Should I count calories?
It’s pointless unless you’re diabetic or have some other condition that necessitates it. The only calories worth counting are the ones you burn off at the gym or through other forms of exercise and the ones left on your plate at the end of the meal.
What’s that you say?
Leaving food on your plate is a very helpful way to reduce your caloric intake. I am not talking about being wasteful–take a doggy bag or actually feed healthy scraps to the dog if you must, but the two bites of food you leave behind after you’ve finished your meal really begins to add up especially over the course of a few weeks.
You want to see and feel changes being made, and cutting back in this way means that you are consuming less food than before which is good, right? Over time you will begin to serve yourself less and less food each meal and will learn how much food your body needs to feel truly satisfied.
Practice Hara Hachi Bu
Haha, what? “Hara Hachi Bu” is a Japanese phrase roughly translating to eight parts of ten or eighty percent full.
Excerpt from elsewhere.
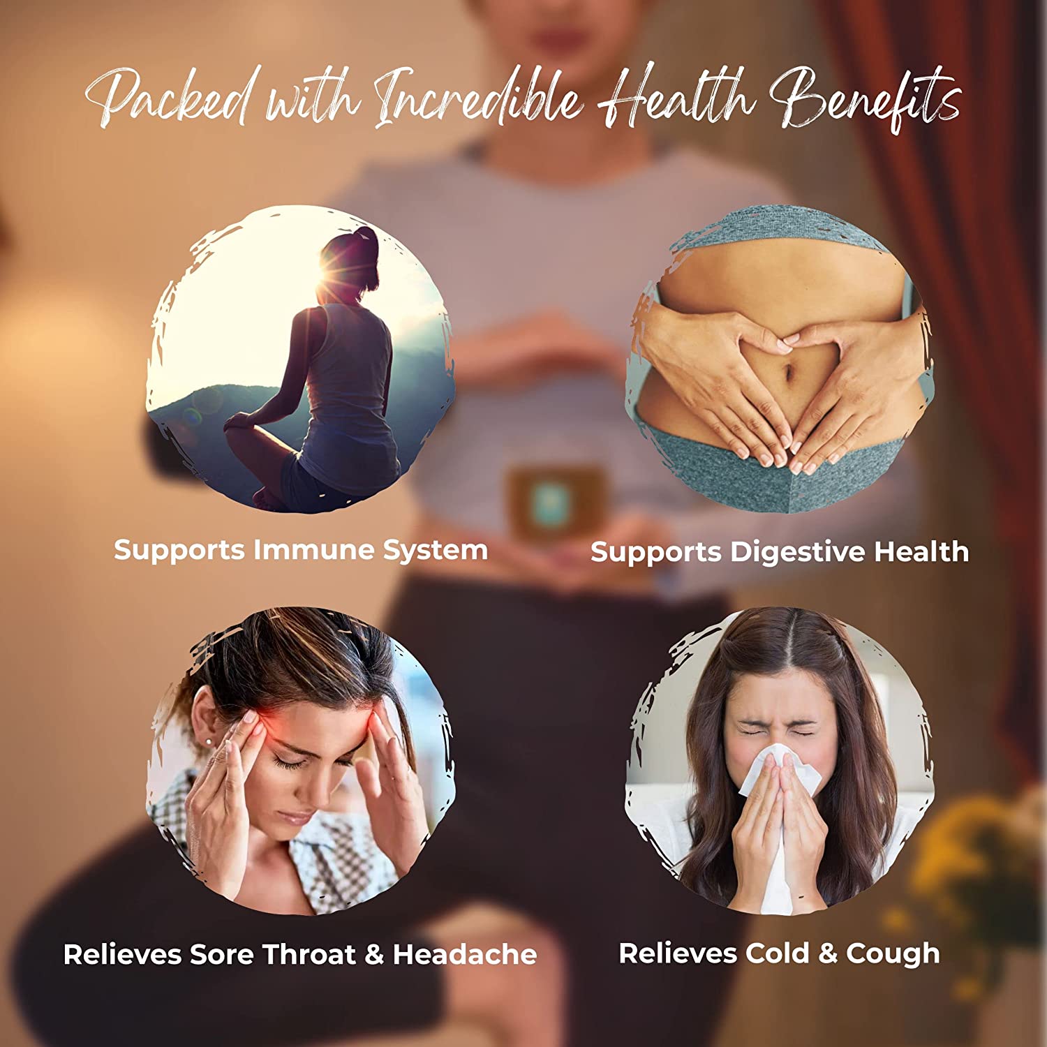 • Ingredients & Benefits: Black Pepper, Turmeric, Long Pepper – Boosts Immunity, Relieves Cold & Cough, Anti-Viral Ginger, Licorice, Cinnamon – Relieves Sore Throat & Headache Coriander, Cumin, False Black Pepper, Sugandhi, Mace – Helps Digestion Clove, Cardamom, Nutmeg – Super Rich in Antioxidants Ashwagandha – Relieves Stress, Increase Energy/Stamina Caffeine Free, 100% Natural & No Added Colors, Flavors or Preservatives

You must rate how hungry or full you are on a scale of ten. If you are starving at the beginning of your meal, we’ll call that zero. You’re hungry and need to eat!
When you feel that you are about half-full, call that a 5, keep going you are almost there! Once you feel you are around an 8/10 on the full-meter, stop! The rest of your food will digest and by the time it hits your stomach you will be perfectly content and full. Not “stuffed” at all, but just right. If you become hungry, eat more. Chances are you will not overeat when following this method and you will begin shedding weight like never before.
That’s a good start, particularly if you’ve never heard of it. remember to determine your goals at the onset and set yourself up for a win. Overeating is a plague most Americans must battle, and we are the fortunate ones with access to the most resources! These tips will help you started on the sensible path and soon you will be eating for survival again, not as a means of entertainment when bored, or as a stress mechanism.
Remember that the calories you don’t eat are the ones adding up and be sure to include plenty of activity in your weekly lives! The kitchen defeats the bulge Six pack abs are also crafted in the kitchen, not on the floor doing sit-ups.